Suu Kyi’s National League for Democracy (NLD), the party that won Burma’s previous election in 1990, only for the military to ignore the result, boycotted the 2010 election, partly due to the ban imposed on Suu Kyi from participating.
In any case, according to Burma’s state-run media, the NLD was officially proscribed on Sept 14, 2010, almost 2 months before the Nov 7, 2010 vote, which produced a landslide win for the military-backed Union Solidarity and Development Party (USDP) in an election widely dismissed as rigged.
The meeting, detailed in a US embassy cable dated Feb 12, 2010, added that “the Burmese government has requested that Asean send election observers.”

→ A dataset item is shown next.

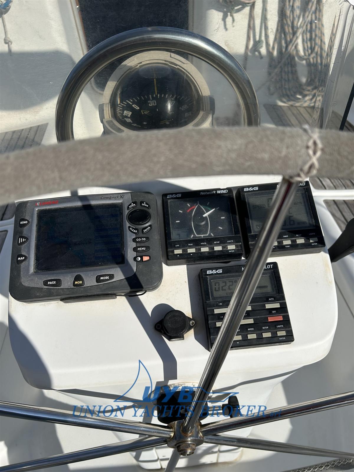 GPS (Lorenz), Pilota automatico (B&G), Plotter con antenna GPS, Radio VHF (Icom).

However, despite requests from Indonesia and others to send observers, the Burmese government refused to allow outside observation of the election, except for an election-day delegation of Naypyidaw-based diplomats led by the North Korean embassy.

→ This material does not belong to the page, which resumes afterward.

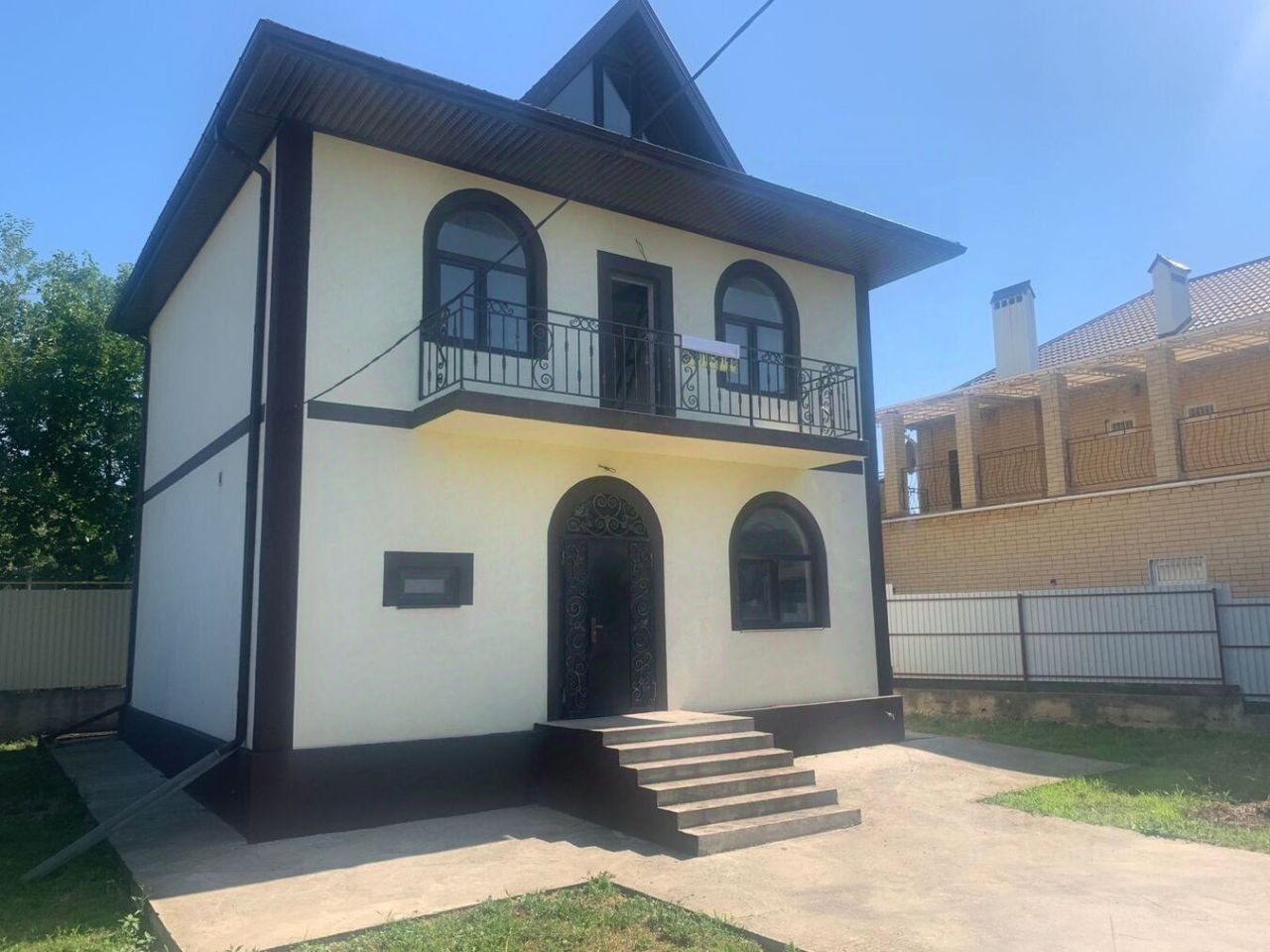 Дом общей площадью 130 кв. метров на участке 3,2 сотки земли с видом разрешенного использования ИЖС. Широкий фасад выходит на тихую малолюдную улицу. Участок полностью огорожен, забор на ленточном фундаменте и зашит профильным листом. Фасадная часть забора выполнена на ленточном фундаменте с кирпичными столбами зашит профильным листом. Установлены качественные ворота с декоративными элементами ковки. Двор полностью благоустроен, тротуарные дорожки и машиноместо выполнены из бетона. Во дворе есть место для грядки или цветника, а также для мангальной зоны.

Months before, on May 27-28, 2009, Cambodia played host to a testy meeting between foreign ministers from the European Union (EU) and the Association of Southeast Asian Nations (ASEAN), in which “[Aung San Suu Kyi] and Burmese human rights violations monopolized news conferences, informal meetings, and even formal discussions during the two-day meeting,” despite a wide-ranging agenda, according to another US diplomatic cable from the country’s embassy in Phnom Penh.
The atmosphere at the meeting was described as tense, as it came shortly after Suu Kyi’s arrest for her alleged role in harboring a foreign guest at her Rangoon home, in violation of Burmese law and the terms of her house arrest. In a bizarre and as-yet-unexplained incident, on May 3, 2009, less than a month before Suu Kyi’s term of house arrest was due to expire, American John Yettaw swam across a Rangoon lake to Suu Kyi’s residence, but was arrested by Burmese police upon leaving the house two days later. Suu Kyi was eventually sentenced to an additional 18 months of house arrest in August 2009, before being released on Nov 13, 2011, a week after Burma’s parliamentary elections.
Yettaw’s release was secured by US Senator Jim Webb, who visited Burma in August 2009. Webb then proceeded to Vietnam and Cambodia, where he met with Prime Minister Hun Sen, who “praised” the former Virginia senator for his visit, and noted “that he (Hun Sen) had not been able to see both Than Shwe and Aung San Suu Kyi during his own previous visits,” according to another Phnom Penh embassy cable dated Aug 19, 2009.
Previously, according to the account of the May 2009 EU-ASEAN meeting given by an unnamed European diplomat to his/her American counterpart, discussions were “quite hard,” with Burma’s Deputy Foreign Minister Maung Myint repeatedly objecting to the UK and other EU ministers use of “Burma” rather than “Myanmar,” the official name for country conferred by the Burmese military rulers in 1989. Referring to Suu Kyi’s arrest, Maung Myint said that Burma “does not accept pressure and interference from abroad” and went on to accuse the junta’s critics of threatening “Myanmar’s sovereignty, stating that [Aung San Suu Kyi’s] trial is an internal legal issue, and it is not a human rights issue,” according to the account in the cable.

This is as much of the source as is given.